▸ EXERCISE DESCRIPTION: Go to the line with "A pair of revellers" in the entries below and write out every line from there through the line with "而哈尼熊学习已经学习了【仪式", exactly and without pictures.

▸ ENTRIES SHOWN:
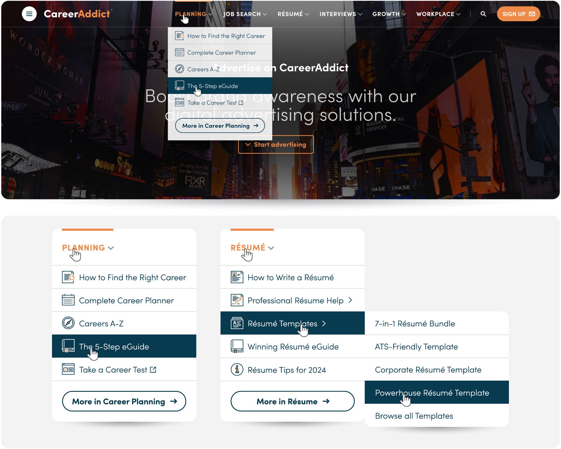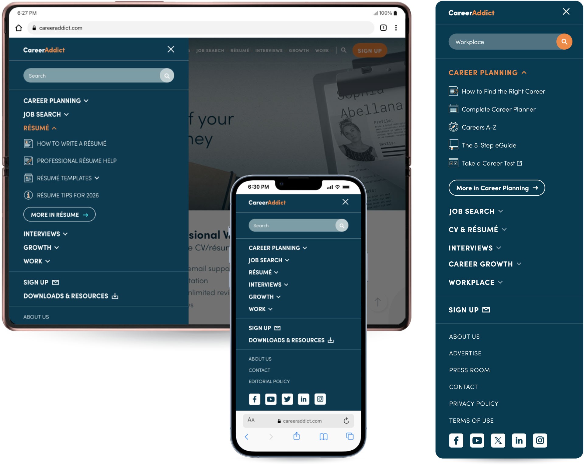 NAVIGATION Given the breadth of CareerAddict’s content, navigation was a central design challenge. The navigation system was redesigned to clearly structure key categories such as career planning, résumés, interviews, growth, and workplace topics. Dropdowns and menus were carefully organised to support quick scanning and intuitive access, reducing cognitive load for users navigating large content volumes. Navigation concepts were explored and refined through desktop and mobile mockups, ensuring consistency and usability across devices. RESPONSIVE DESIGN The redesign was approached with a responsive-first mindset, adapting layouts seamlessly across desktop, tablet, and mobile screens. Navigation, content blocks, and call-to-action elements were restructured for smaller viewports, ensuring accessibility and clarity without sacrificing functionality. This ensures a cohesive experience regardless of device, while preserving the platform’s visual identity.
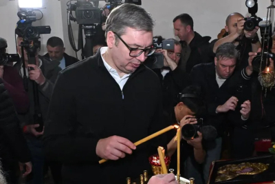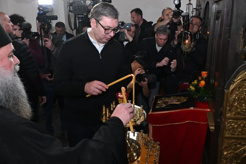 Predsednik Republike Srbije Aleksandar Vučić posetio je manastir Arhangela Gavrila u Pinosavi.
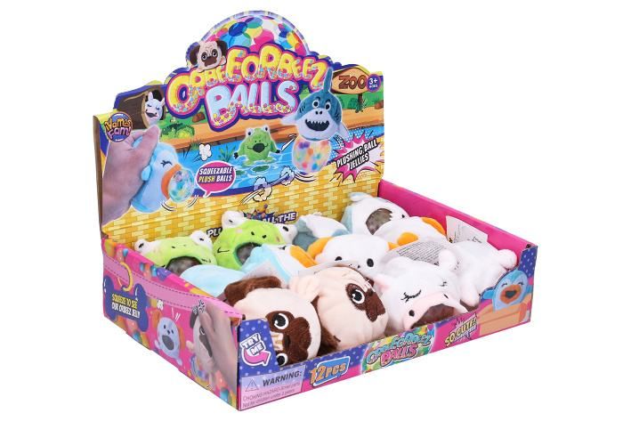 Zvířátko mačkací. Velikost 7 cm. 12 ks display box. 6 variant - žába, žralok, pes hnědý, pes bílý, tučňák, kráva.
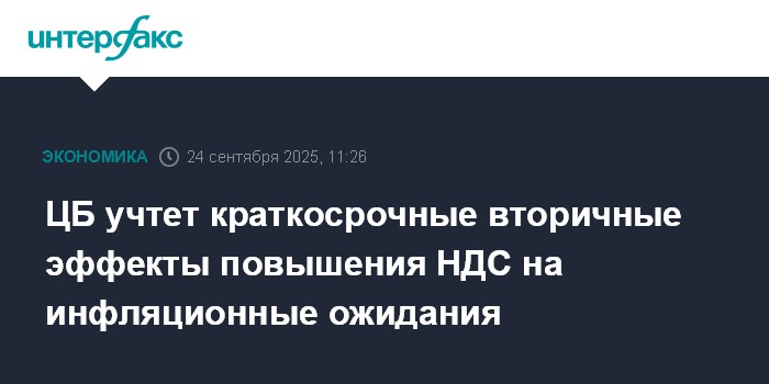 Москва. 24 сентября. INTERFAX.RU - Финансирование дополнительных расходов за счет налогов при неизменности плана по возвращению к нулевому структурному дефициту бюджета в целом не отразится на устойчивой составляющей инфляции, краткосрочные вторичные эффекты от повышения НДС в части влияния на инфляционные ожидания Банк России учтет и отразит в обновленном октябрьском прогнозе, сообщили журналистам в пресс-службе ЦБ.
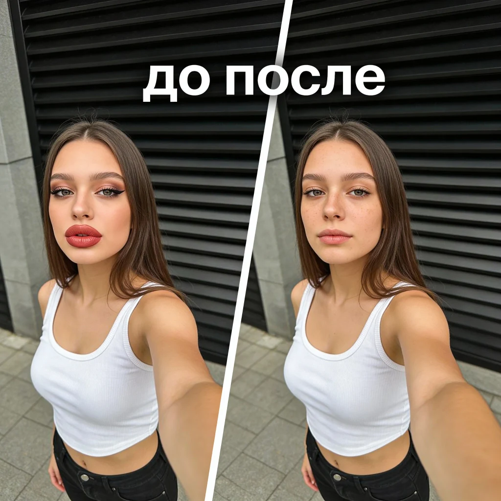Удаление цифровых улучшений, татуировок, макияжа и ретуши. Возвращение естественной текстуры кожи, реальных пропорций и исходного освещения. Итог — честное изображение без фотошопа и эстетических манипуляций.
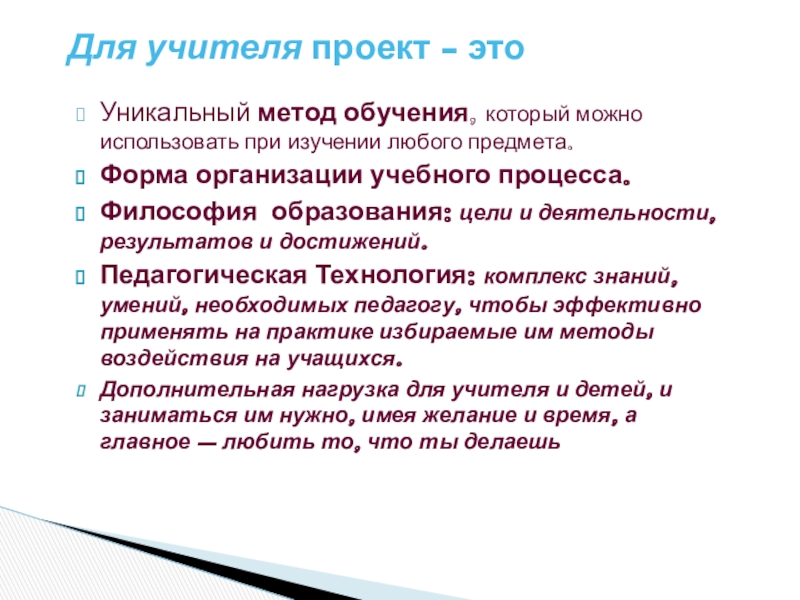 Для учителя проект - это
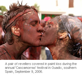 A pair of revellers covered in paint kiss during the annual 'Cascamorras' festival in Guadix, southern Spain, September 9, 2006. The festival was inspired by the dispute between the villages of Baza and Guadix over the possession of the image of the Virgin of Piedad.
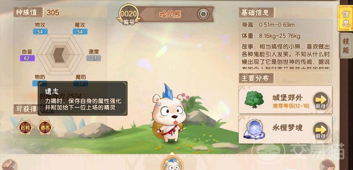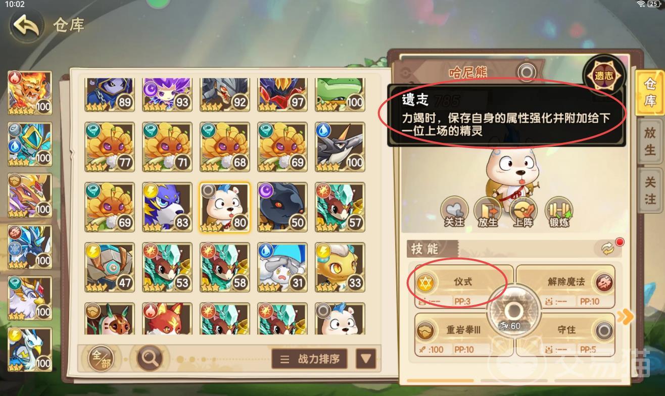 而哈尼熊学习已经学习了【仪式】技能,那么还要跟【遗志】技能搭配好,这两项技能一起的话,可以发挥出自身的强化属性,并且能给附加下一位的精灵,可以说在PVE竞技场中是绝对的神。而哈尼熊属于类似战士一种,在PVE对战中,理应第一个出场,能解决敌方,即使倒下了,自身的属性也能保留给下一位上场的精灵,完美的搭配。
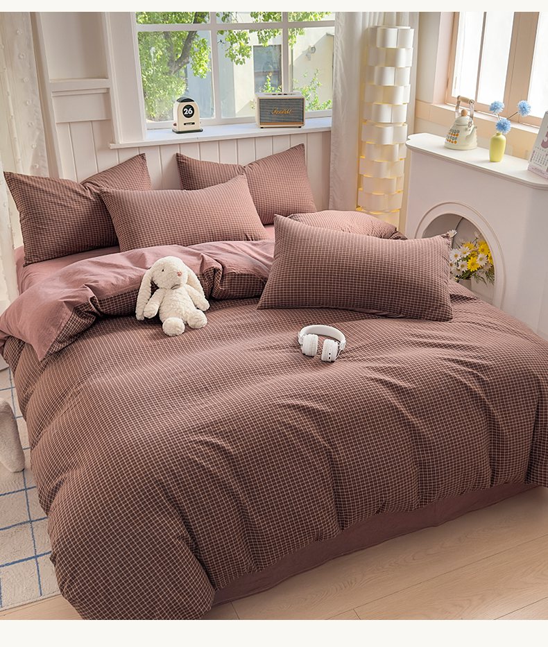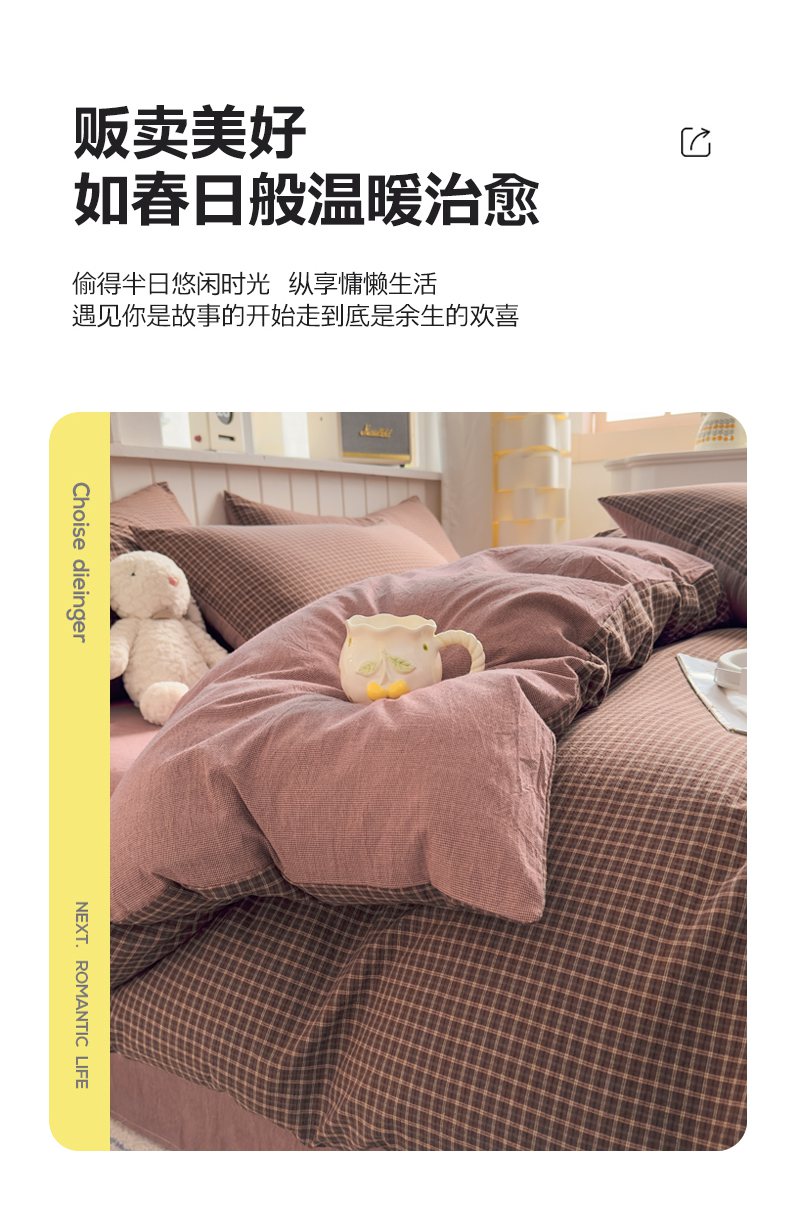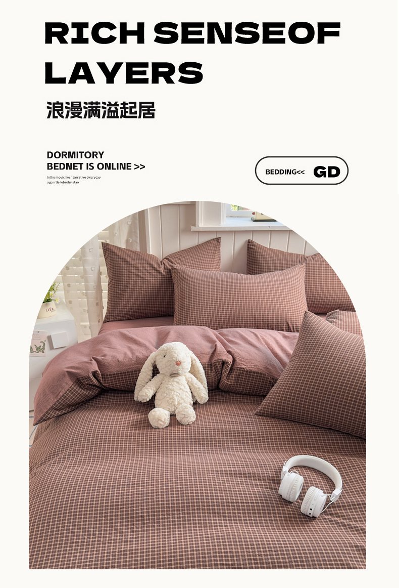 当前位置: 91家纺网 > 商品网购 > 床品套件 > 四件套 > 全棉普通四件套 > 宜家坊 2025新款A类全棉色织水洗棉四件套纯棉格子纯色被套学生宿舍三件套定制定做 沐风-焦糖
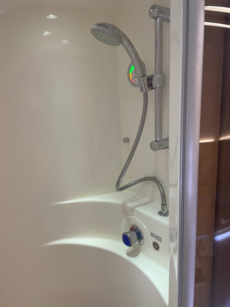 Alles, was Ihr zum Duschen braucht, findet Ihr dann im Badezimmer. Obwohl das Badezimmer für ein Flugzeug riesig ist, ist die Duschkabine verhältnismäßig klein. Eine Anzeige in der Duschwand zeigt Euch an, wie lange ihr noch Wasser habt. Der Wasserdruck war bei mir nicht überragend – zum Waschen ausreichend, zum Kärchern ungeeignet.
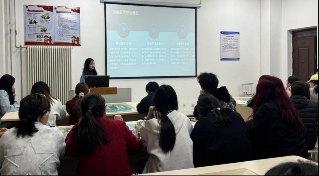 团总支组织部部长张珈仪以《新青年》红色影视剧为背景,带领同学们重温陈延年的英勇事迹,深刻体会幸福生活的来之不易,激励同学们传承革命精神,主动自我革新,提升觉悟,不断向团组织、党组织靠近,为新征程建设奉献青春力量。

▸ RESULT OF THE EXERCISE:
 A pair of revellers covered in paint kiss during the annual 'Cascamorras' festival in Guadix, southern Spain, September 9, 2006. The festival was inspired by the dispute between the villages of Baza and Guadix over the possession of the image of the Virgin of Piedad.
 而哈尼熊学习已经学习了【仪式】技能,那么还要跟【遗志】技能搭配好,这两项技能一起的话,可以发挥出自身的强化属性,并且能给附加下一位的精灵,可以说在PVE竞技场中是绝对的神。而哈尼熊属于类似战士一种,在PVE对战中,理应第一个出场,能解决敌方,即使倒下了,自身的属性也能保留给下一位上场的精灵,完美的搭配。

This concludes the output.